No Identity Crisis, Just One World
By Hannah Black
The Bali Times
SILAKARANG ~ Last Saturday night my husband Ongky and I decided to have a barbeque in honour of my cousin Eleanor, who is resting with us after a long seven months on the road through Asia. We’ve had loads of little parties and barbeques at our villa in the village, which always includes a mix of my foreign friends and Ongky’s “boys,” all of which have been a pretty good time.
My in-laws, who are now used to a stream of white faces heading through to the back of the compound, welcome everyone and cook up enough rice and sambal to feed an army. My mother-in-law, who is very concerned about me feeding my friends goat food, or salad as I like to call it, makes up a pot of some spicy yellow concoction so we don’t all drop from malnutrition.

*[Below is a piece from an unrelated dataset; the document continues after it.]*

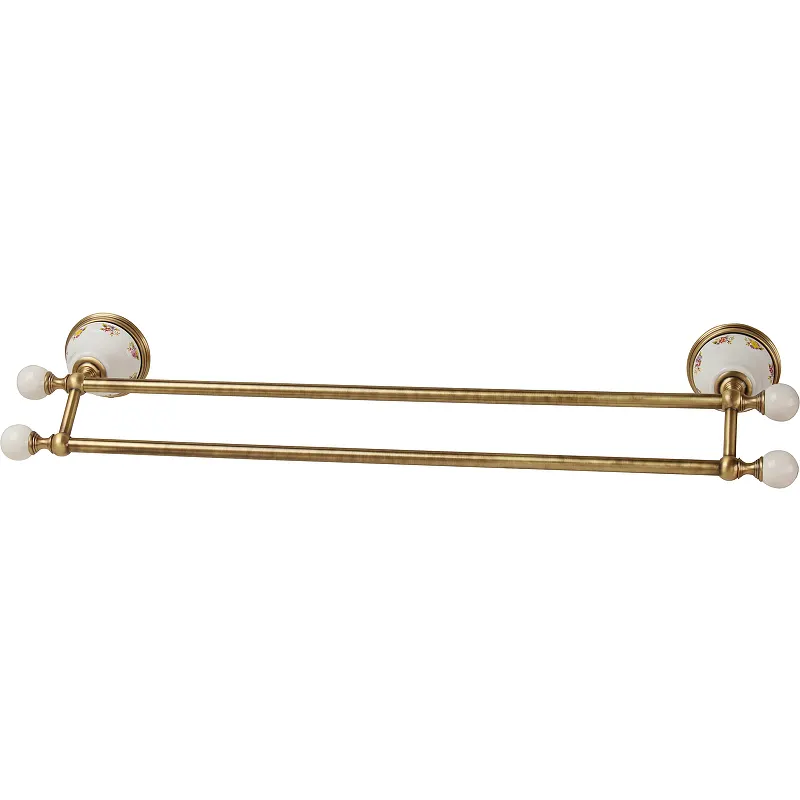 Полотенцедержатель Migliore Provance 17633 двойной.Полотенцедержатель Migliore стойко выдержит постоянное воздействие влаги, подчеркнув общий вид санузла.Характеристики: Цвет: бронза. Материал: латунь, керамика. Размеры (ШхВхД): 635х90х145 мм. Монтаж: настенный. В комплекте поставки: Полотенцедержатель.

Our gatherings start out very organized: local boys outside helping with the barbeque or sitting on mats in the garden smoking, foreigners inside, chatting and eating chips and dip, but somewhere along the way it usually gets all mixed up.

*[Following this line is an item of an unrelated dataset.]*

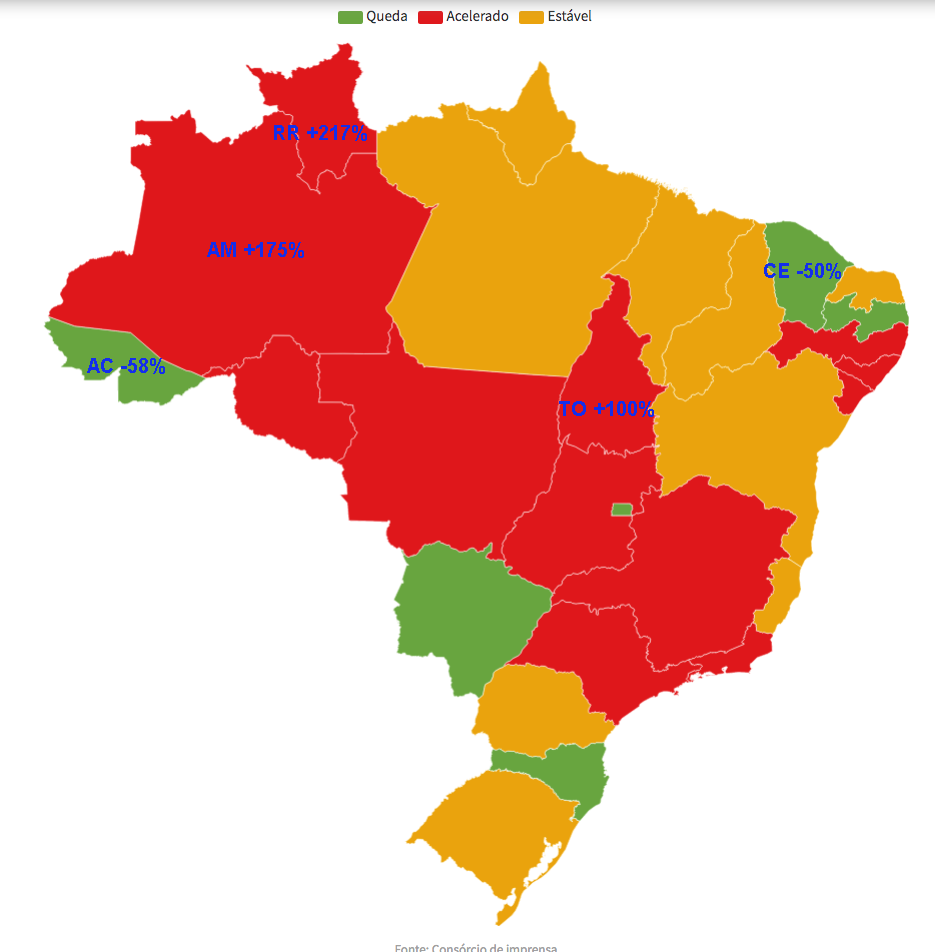 Doze estados estão com alta nas mortes: MG, RJ, SP, GO, MT, AM, RO, RR, TO, AL, PE e SE.

After a couple of hours and plastic bags of arak (rice spirit), the village boys, who claim not to speak any English, start blabbering away and the foreigners, who speak no Balinese, seem to begin to catch on.
The boys, now totally used to me (just another Balinese wife), turn into junior high students around my pretty, foreign girlfriends, whispering to each other in Balinese about them.

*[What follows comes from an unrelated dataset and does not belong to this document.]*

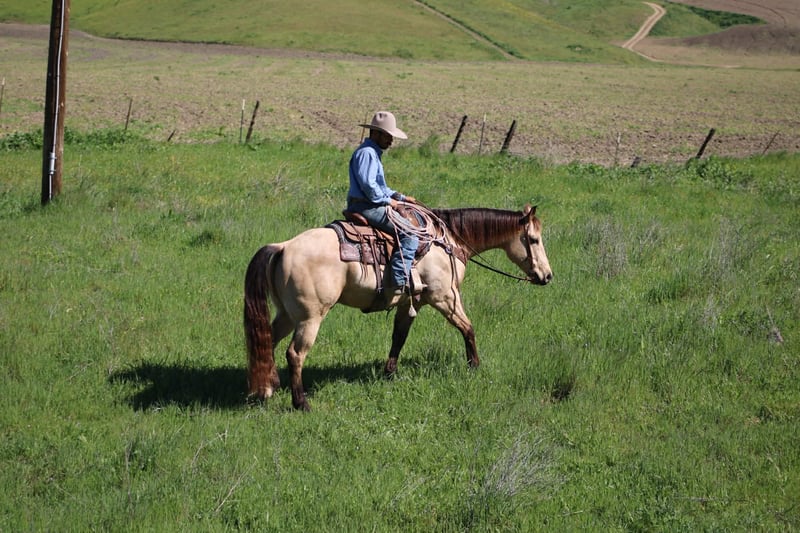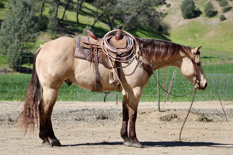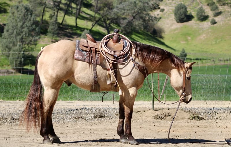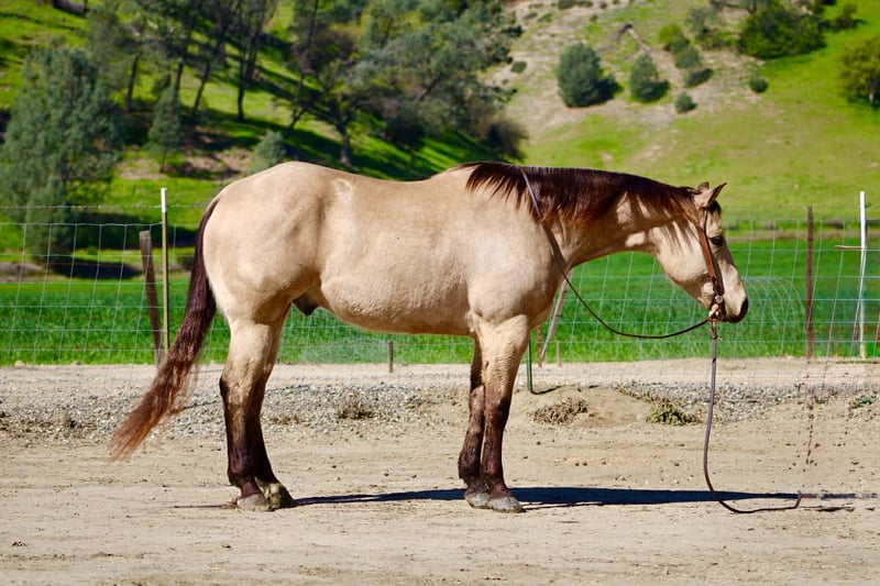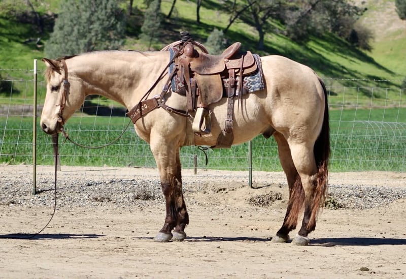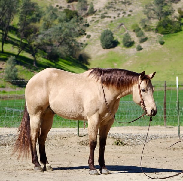 "AVAILABLE ON ONLINE HORSE AUCTION AT www DOT PlatinumEquineAuction DOT com BIDDING OPEN NOW thru SUNDAY | MARCH 22ND! *Final price will be determined on auction site* CONSIGNOR CONTACT INFO: Longhorn Ranch 831-537-1915 LOCATION: Paicines, CA Spooks Lil Gallo 2020 Buckskin Gelding • 15.1 Hands. Stout built Offered as a client consignment, Spooks Lil Gallo is a striking buckskin gelding that beautifully combines pedigree, presence, and a solid foundation. This gelding’s breeding immediately sets him apart. He is sired by Lil Gallo, a son of the legendary Gallo Del Cielo (Rooster), one of the most influential sires in the performance horse industry. Rooster offspring are widely recognized for their athleticism, trainability, cow sense, and longevity. His pedigree carries the influence of industry-defining horses including Peppy San Badger and Doc’s Starlight — cornerstone bloodlines known for producing exceptional minds, natural ability, and proven performance talent. On the bottom side, he traces to Spooks Gotta Whiz, a stallion synonymous with brilliance, style, and elite-level performance success. This powerful combination of cow horse and reining bloodlines provides Spooks Lil Gallo with the genetic foundation for versatility and unlimited potential. Beyond the papers, Spook is a horse that is easy to appreciate every day. In the arena, Spook is fluid, broke, and a pleasure to ride. He travels collected, soft, and smooth, carrying himself with balance and correctness. His transitions are quiet and relaxed, and he moves with a natural cadence that makes him both comfortable and visually appealing. He lopes off willingly, stays soft in the bridle, and responds nicely to his rider. Spook shows smooth stops and willing turnarounds, reflecting the quality of his foundation and training. His presence, movement, and overall style make him a true show stopper each time you ride. Outside the arena, Spook continues to impress. He has been hauled on numerous trail rides and handles new environments with a thoughtful, steady mindset. He is naturally curious yet cautious, taking in his surroundings with awareness and good judgment. Whether riding out alone or with company, he remains willing, manageable, and dependable. Spook is currently started on obstacles and continues to progress with a willing, honest attitude. He has been introduced to tarps, flags, balls, and various challenges. While he may show some initial sensitivity, he remains sensible and settles in with reassurance and consistency, demonstrating a trainable and responsive nature. In daily handling, Spook is exactly the type everyone hopes for. He hauls well, ties quietly, bathes easily, and stands respectfully for the farrier. He is super sweet, friendly, and genuinely enjoyable to be around, with a kind demeanor that makes him a pleasure in the barn. With his exceptional pedigree, quality movement, and versatile foundation, Spooks Lil Gallo offers opportunity in many directions. Whether your goals include trails, ranch work, performance events, or continued development, this gelding has the tools and mindset to excel. For additional information, or questions: Longhorn Ranch Dina Paicines, California 831-537-1915

By the end of the night everyone is spread out over the grass, laughing and chatting together like old friends. There is no distinction between locals and foreigners and no shyness about speaking in broken English, Balinese or Indonesian.
After last weekend’s party I started thinking a lot about the very real gap between the average Balinese villager and the many foreigners who live here. My life in the compound is a lifestyle that very few foreigners choose and I sometimes feel almost torn between my compound life and my life outside the village.
It feels as though when I’m in the village, I’m just another villager, but when I’m having lunch or a drink in a Seminyak or Ubud café, I’m just another foreigner.
Before I married Ongky, I knew from meeting other foreign women married to Balinese men that to most locals I would always be another tourist needing transport or a four-day-old English newspaper, so usually it doesn’t really affect me.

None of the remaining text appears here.